M P Architects LLP also has in place procedures to deal with a suspected data security breach and the practice will notify the Information Commissioner’s Office (or any other applicable supervisory authority or regulator) and the client of a suspected breach where the Company are legally required to do so.
For how long does M P Architects LLP keep clients’ personal information?
M P Architects LLP will only retain client’s personal information for as long as is necessary to fulfil the purposes for which it was collected and processed, including for the purposes of satisfying any legal, tax, health and safety, reporting or accounting requirements.
We take appropriate technical and organisational security measures to protect your personal information. It is not sent outside of the European Economic Area (EEA).
M P Architects LLP will generally hold your personal information for the duration of our business need to carry out work for you.

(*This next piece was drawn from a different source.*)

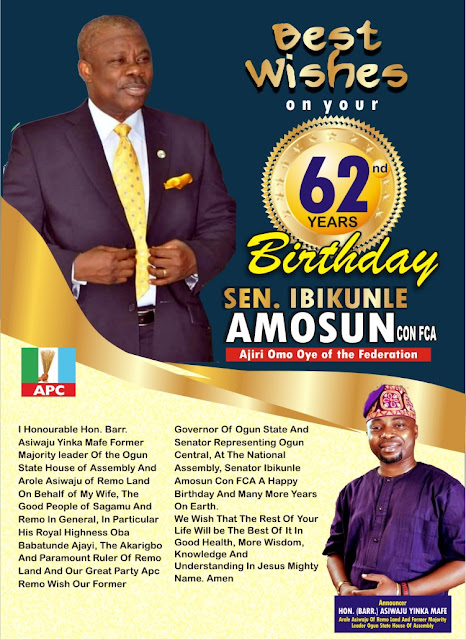 I Hon. (Barr.) Asiwaju ‘Yinka Mafe felicitate with our active, viable and indefatigable Leader, former Governor of Ogun State and current Senator of the Federal Republic of Nigeria, Senator Ibikunle Amosun (CON FCA) also known as (Ajiri One of the Universe).
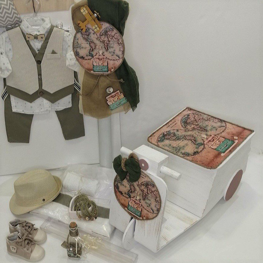 Σετ βάπτισης με βέσπα και θέμα ταξίδια, ο γύρος του κόσμου με ένα αεροπλάνο. Το σετ περιλαμβάνει το βαπτιστικό ρούχο σε γήινες αποχρώσεις του χακί, ανατομικό δερμάτινο παπουτσάκι σε μπεζ, ξύλινη βέσπα με αποθηκευτικό χώρο, ζωγραφισμένη με τον παγκόσμιο χάρτη σε αποχρώσεις του καφέ, με τεχνική decoupage, στολισμός λαμπάδας με το ίδιο θέμα σε ξύλινο στρογγυλό διακοσμητικό (δεν συμπεριλαμβάνεται το κερί), 50 μαρτυρικά, 3 κεράκια, μπουκαλάκι λαδιού, σαπουνάκια, πετσέτες, σετ λαδόπανα και εσώρουχα. Το σετ κουτί βάφτισης είναι χειροποίητο και ζωγραφισμένο στο χέρι και χρειάζεται 10-12 μέρες παράδοσης.

We usually keep your details, both paper and electronic for 6 years after the last contact with you and a further 6 years after completing your project, after which they are archived before being deleted, unless there has been a legitimate reason to retain the information for a longer period.
M P Architects LLP will generally hold a client’s personal information for the time period above, but this is subject to: (a) any minimum statutory or other legal, tax, health and safety, reporting or accounting requirements for particular data or records, and (b) the retention of some types of personal information for up to six years to protect against legal risk, e.g. if they could be believed relevant to a possible legal claim in a tribunal, County Court or High Court. This means that, generally, M P Architects LLP will “thin” the file of personal information held on a client’s file after the work has been carried out for the client based on the time period above, so that M P Architects LLP only continues to retain data that is considered strictly necessary for a longer period.
Personal information which is no longer to be retained will be securely and effectively destroyed or permanently erased from the IT systems and paper records. Third parties will also be required to destroy or erase such personal information where applicable.
In some circumstances, M P Architects LLP may anonymise client’s personal information so that it no longer permits client’s identification. In this case, M P Architects LLP may retain such information for a longer period.
Your rights in connection with your personal information
It is important that the personal information we hold about clients is accurate and up to date. Please keep M P Architects LLP informed if your personal information changes so that records can be updated, e.g. you change your contact telephone number during the period we are carrying work out for you. M P Architects LLP cannot be held responsible for any errors in client’s personal information in this regard unless relevant notifications of the change has been made.
As a data subject, clients have a number of statutory rights. Subject to certain conditions, and in certain circumstances, you have the right to:
- request access to your personal information - this is usually known as making a data subject access request and it enables you to receive a copy of the personal information we hold about you and to check that we are lawfully processing it
- request rectification of your personal information - this enables you to have any inaccurate or incomplete personal information we hold about you corrected
- request the erasure of your personal information - this enables you to ask us to delete or remove your personal information where there’s no compelling reason for its continued processing, e.g. it’s no longer necessary in relation to the purpose for which it was originally collected
- restrict the processing of your personal information - this enables you to ask M P Architects LLP to suspend the processing of your personal information, e.g. if you contest its accuracy and want us to verify its accuracy
- object to the processing of your personal information - this enables you to ask us to stop processing your personal information where we are relying on the legitimate interests of the business as our legal basis for processing and there is something relating to your particular situation which makes you decide to object to processing on this ground
- data portability - this gives you the right to request the transfer of your personal information to another party so that you can reuse it across different services for your own purposes.
If you wish to exercise any of these rights, please contact the Data Controller who will ask you to complete a form requesting to exercise this right. We may need to request specific information from you to verify your identity and check your right to access the personal information or to exercise any of your other rights. This is a security measure to ensure that your personal information is not disclosed to any person who has no right to receive it.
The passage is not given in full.